Input:
+++

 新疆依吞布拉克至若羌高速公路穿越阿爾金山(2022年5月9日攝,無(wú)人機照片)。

+++

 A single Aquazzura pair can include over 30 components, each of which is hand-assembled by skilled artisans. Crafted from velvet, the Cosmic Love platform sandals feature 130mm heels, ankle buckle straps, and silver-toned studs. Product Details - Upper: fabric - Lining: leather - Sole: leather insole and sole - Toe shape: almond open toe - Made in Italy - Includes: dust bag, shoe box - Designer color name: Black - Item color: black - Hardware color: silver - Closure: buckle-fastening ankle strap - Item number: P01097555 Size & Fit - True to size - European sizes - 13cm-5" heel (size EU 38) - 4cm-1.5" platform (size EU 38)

+++

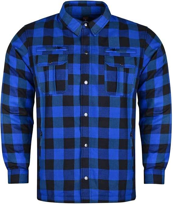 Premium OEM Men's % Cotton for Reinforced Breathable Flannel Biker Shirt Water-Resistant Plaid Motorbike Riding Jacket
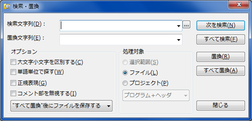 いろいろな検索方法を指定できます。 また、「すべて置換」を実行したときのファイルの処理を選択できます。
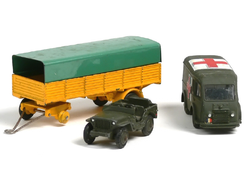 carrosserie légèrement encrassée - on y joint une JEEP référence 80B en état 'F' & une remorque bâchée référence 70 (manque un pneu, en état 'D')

+++

Task instructions:
Copy word for word the lines above, starting at the line containing "Premium OEM Men's" and ending at the line containing "carrosserie légèrement encrassée", inclusive, with no pictures.

Output of the task:
 Premium OEM Men's % Cotton for Reinforced Breathable Flannel Biker Shirt Water-Resistant Plaid Motorbike Riding Jacket
 いろいろな検索方法を指定できます。 また、「すべて置換」を実行したときのファイルの処理を選択できます。
 carrosserie légèrement encrassée - on y joint une JEEP référence 80B en état 'F' & une remorque bâchée référence 70 (manque un pneu, en état 'D')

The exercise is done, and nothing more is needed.